CHARLOTTE, N.C. (WJZY) – Republican lawmakers are getting closer to repealing a Jim Crow-era pistol permit law.

Still, Mecklenburg County’s first African American Sheriff, Garry McFadden, thinks it’s a bad idea.

Although many claim the pistol purchasing permit law was established to keep African Americans from obtaining guns, Sheriff Garry McFadden says it serves an important purpose in current times and wants to keep it in place.

If written into law, repealing the pistol purchase permit law will remove the step of getting a county sheriff to sign off on an application to buy a handgun.

“Sure, the law was racist in 1919, but now, we’re here, now saying allow the sheriff to do their job,” McFadden said. “Allow the sheriff to be the sounding board and allow us, who our citizens elect to be in our counties, to give us the final say so on who should have a permit and not.”

McFadden says his vetting process is much more thorough than NICS, the FBI’s national system that checks records on people who might be disqualified from receiving firearms.

But some Republican lawmakers feel McFadden, and other North Carolina sheriffs, are abusing their power and not signing off on pistol permit applications for people who should be approved.

“I’m not surprised one bit that he does not like what we’re doing because this is going to interfere with his way of controlling guns,” Representative Jeff McNeely said. “But it’s controlling guns for honest people, not for criminals.”t

McNeely voted yes to repeal the pistol purchase permit law.

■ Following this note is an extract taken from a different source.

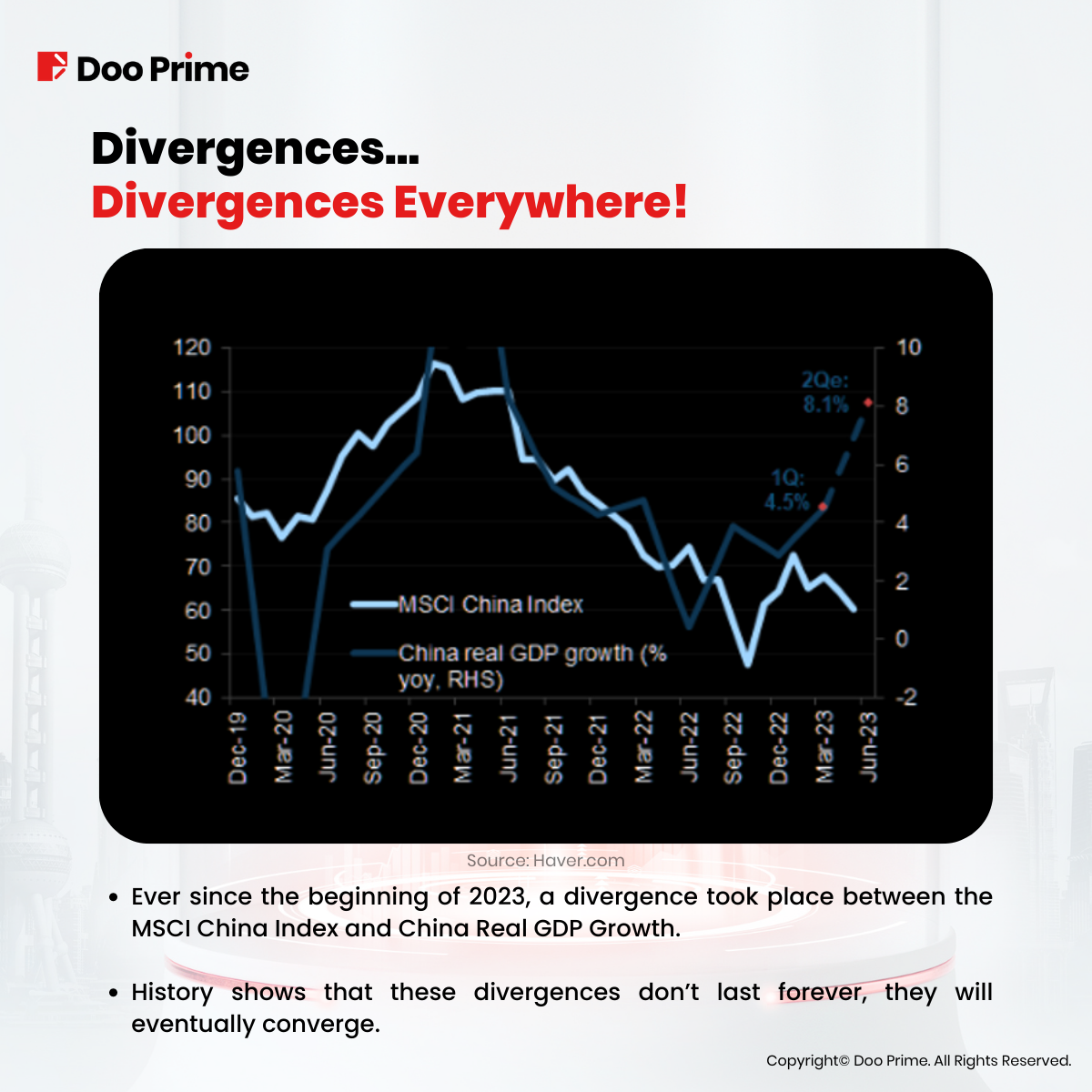 • Ever since the beginning of 2023, a divergence took place between the MSCI China Index and China’s Real GDP Growth.

Republican lawmakers have also pointed out the original law was passed in 1919 with the intent to discriminate against African Americans by not allowing them to purchase firearms. But researchers from the Duke Center for Firearms law didn’t necessarily find specific historical evidence racial discrimination was the law’s purpose.

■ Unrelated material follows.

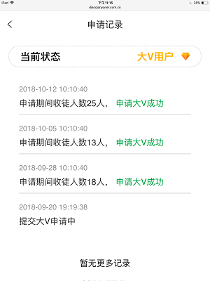 大V招募活动,新徒弟最高可为师傅带来25元收益。成功申请的条件:7日内邀请徒弟数大于等于10人,除名条件:连续1周邀请徒弟数小于等于5人。系统每周自动审核一次,符合条件者继续保持大V身份,不符合者剔除资格,如下图:

“The takeaway, which isn’t maybe a satisfying one, is just that it’s really tough to generalize. And my suspicion is it just means that the law was being applied differently in different places across the state,” said Andrew Willinger, Duke Center for Firearms Law.

But McNeely disagrees and thinks it’s quite obvious what the initial intentions of this law really were.

“It’s a well-known fact you could go and look at the gun registry in there and try to trace that lineage and seeing if they were white or black, and I think you would find very, very few [were black],” McNeely said.

Nevertheless, McNeely isn’t supporting the repeal of this law strictly because of its jim crow past but rather to make it easier for people to obtain firearms lawfully. But McFadden wants to vet these applications himself and make sure there aren’t any signs of mental issues before issuing a permit.

“I’m going to go the extra step. I’m going to look at all the records. I’m going to go to a mental institution,” McFadden said. “I’m going to go to the VA, and we’re going to have my staff to look through all the paperwork to make that solid sound decision on whether we are giving the right permit to the right person.”

The repeal of the pistol purchase permit law passed through N.C. House; now it’s awaiting a vote in the Senate.

To get written into law, it has to get past Governor Cooper.